Start of Extracted material
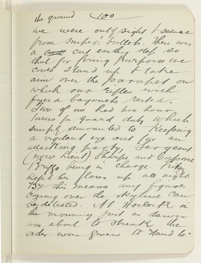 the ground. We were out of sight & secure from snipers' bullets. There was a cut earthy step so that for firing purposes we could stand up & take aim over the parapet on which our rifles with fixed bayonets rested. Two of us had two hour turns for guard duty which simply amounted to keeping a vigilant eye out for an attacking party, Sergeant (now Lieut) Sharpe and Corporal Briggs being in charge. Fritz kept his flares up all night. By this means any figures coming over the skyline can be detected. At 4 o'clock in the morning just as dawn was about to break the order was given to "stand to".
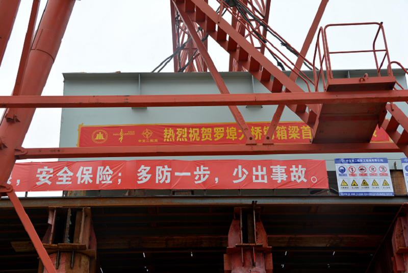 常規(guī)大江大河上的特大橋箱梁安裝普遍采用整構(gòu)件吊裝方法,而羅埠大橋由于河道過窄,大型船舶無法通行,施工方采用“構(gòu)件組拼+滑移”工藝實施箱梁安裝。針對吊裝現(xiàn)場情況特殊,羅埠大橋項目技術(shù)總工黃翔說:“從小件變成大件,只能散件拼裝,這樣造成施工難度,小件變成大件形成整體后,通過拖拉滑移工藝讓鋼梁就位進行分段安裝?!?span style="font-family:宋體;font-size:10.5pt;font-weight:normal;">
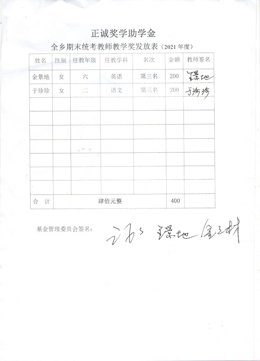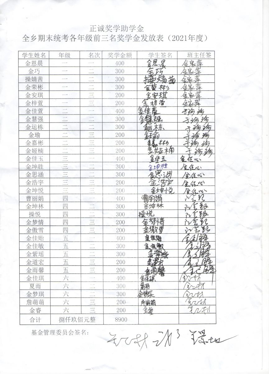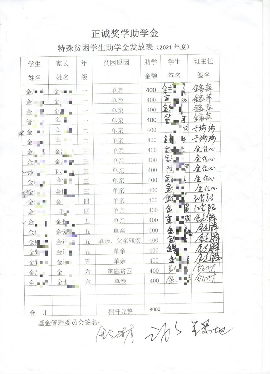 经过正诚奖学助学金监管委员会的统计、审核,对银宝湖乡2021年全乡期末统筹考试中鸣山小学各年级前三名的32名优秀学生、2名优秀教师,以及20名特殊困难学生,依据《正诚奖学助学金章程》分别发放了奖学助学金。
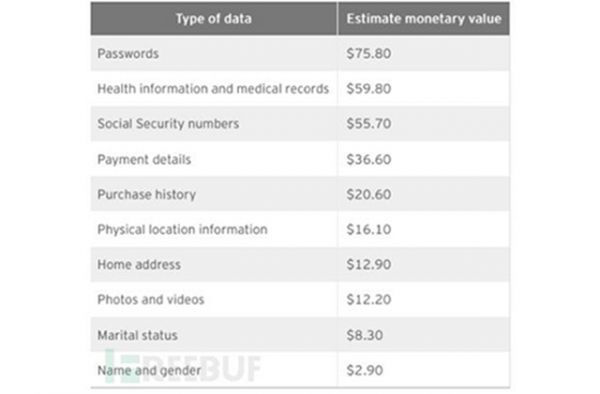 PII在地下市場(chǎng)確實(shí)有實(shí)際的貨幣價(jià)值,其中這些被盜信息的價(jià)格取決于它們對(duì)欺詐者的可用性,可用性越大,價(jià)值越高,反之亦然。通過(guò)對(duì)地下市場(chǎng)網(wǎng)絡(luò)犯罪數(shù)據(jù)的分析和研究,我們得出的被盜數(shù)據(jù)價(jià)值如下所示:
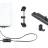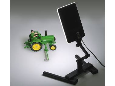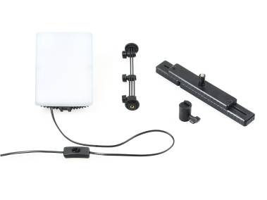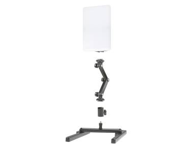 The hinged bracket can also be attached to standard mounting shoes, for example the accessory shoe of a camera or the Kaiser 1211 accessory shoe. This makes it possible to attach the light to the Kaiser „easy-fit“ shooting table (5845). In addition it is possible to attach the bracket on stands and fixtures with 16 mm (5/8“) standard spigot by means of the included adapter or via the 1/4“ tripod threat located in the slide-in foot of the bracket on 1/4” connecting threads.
End of Extracted material
Restate the data word for word from its first line through the line with "PII在地下市場(chǎng", leaving out any picture along the way.

 the ground. We were out of sight & secure from snipers' bullets. There was a cut earthy step so that for firing purposes we could stand up & take aim over the parapet on which our rifles with fixed bayonets rested. Two of us had two hour turns for guard duty which simply amounted to keeping a vigilant eye out for an attacking party, Sergeant (now Lieut) Sharpe and Corporal Briggs being in charge. Fritz kept his flares up all night. By this means any figures coming over the skyline can be detected. At 4 o'clock in the morning just as dawn was about to break the order was given to "stand to".
 常規(guī)大江大河上的特大橋箱梁安裝普遍采用整構(gòu)件吊裝方法,而羅埠大橋由于河道過窄,大型船舶無法通行,施工方采用“構(gòu)件組拼+滑移”工藝實施箱梁安裝。針對吊裝現(xiàn)場情況特殊,羅埠大橋項目技術(shù)總工黃翔說:“從小件變成大件,只能散件拼裝,這樣造成施工難度,小件變成大件形成整體后,通過拖拉滑移工藝讓鋼梁就位進行分段安裝?!?span style="font-family:宋體;font-size:10.5pt;font-weight:normal;">
 经过正诚奖学助学金监管委员会的统计、审核,对银宝湖乡2021年全乡期末统筹考试中鸣山小学各年级前三名的32名优秀学生、2名优秀教师,以及20名特殊困难学生,依据《正诚奖学助学金章程》分别发放了奖学助学金。
 PII在地下市場(chǎng)確實(shí)有實(shí)際的貨幣價(jià)值,其中這些被盜信息的價(jià)格取決于它們對(duì)欺詐者的可用性,可用性越大,價(jià)值越高,反之亦然。通過(guò)對(duì)地下市場(chǎng)網(wǎng)絡(luò)犯罪數(shù)據(jù)的分析和研究,我們得出的被盜數(shù)據(jù)價(jià)值如下所示:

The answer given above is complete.